§ Data extract:

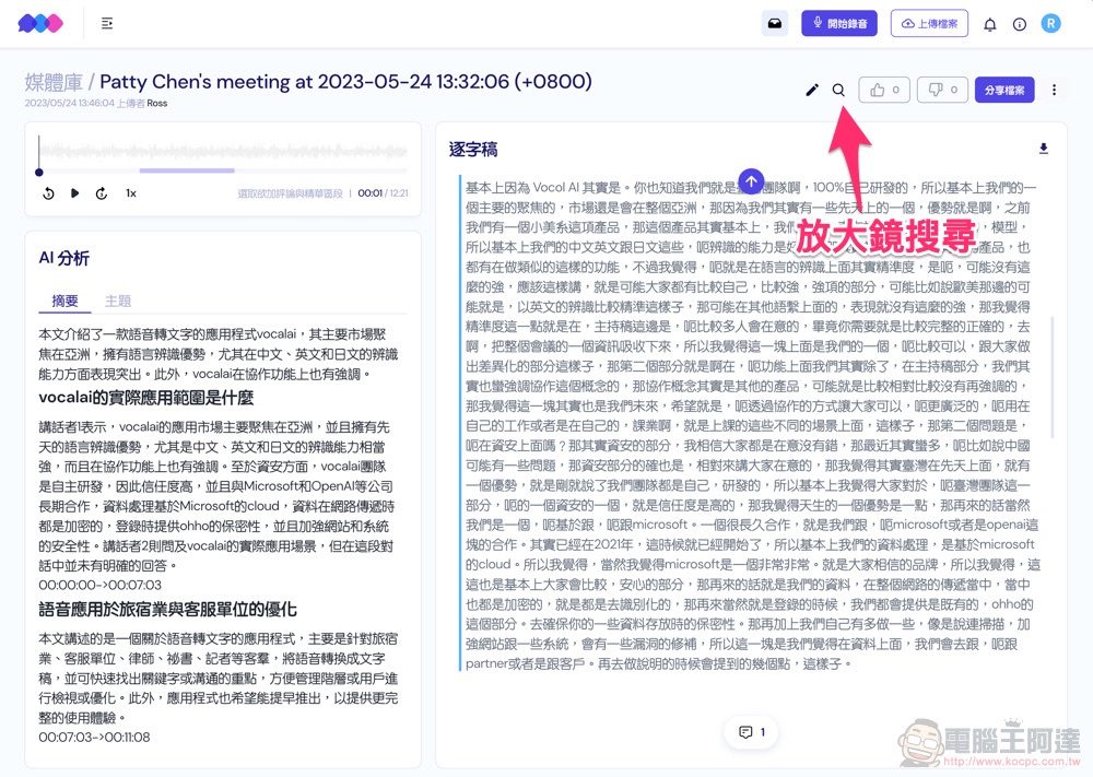 針對採訪的內容,不僅可以來回快速進行回放聆聽。更能以放大鏡來進行關鍵字的搜尋:
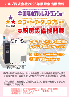 私どもアルプは、従来より販売しておりました小型レトルト殺菌器RKZ型に改良を加え、先進の一次加熱技術によって、より確実な殺菌性能を獲得した『RKZ-40Ⅱ型』をこの度開発いたしました。
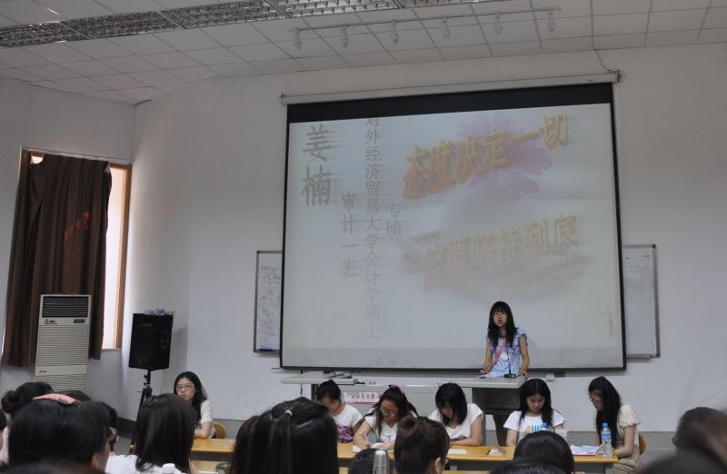 2012年5月17日,会计学院在舜耕校区第二阶梯教室举办2012会计学院考研经验交流会,本次交流会由会计学院团总支主办,会计学院学生会承办,旨在让大三的学生对考研有更加充分的认识,从而促进同学们的学习热情和考研激情。

§ Work instruction: Write out exactly the lines running from the one with "私どもアルプは、従来より販売" through the end of the material, both ends included, while leaving the pictures out.

§ Solution to this task:
 私どもアルプは、従来より販売しておりました小型レトルト殺菌器RKZ型に改良を加え、先進の一次加熱技術によって、より確実な殺菌性能を獲得した『RKZ-40Ⅱ型』をこの度開発いたしました。
 2012年5月17日,会计学院在舜耕校区第二阶梯教室举办2012会计学院考研经验交流会,本次交流会由会计学院团总支主办,会计学院学生会承办,旨在让大三的学生对考研有更加充分的认识,从而促进同学们的学习热情和考研激情。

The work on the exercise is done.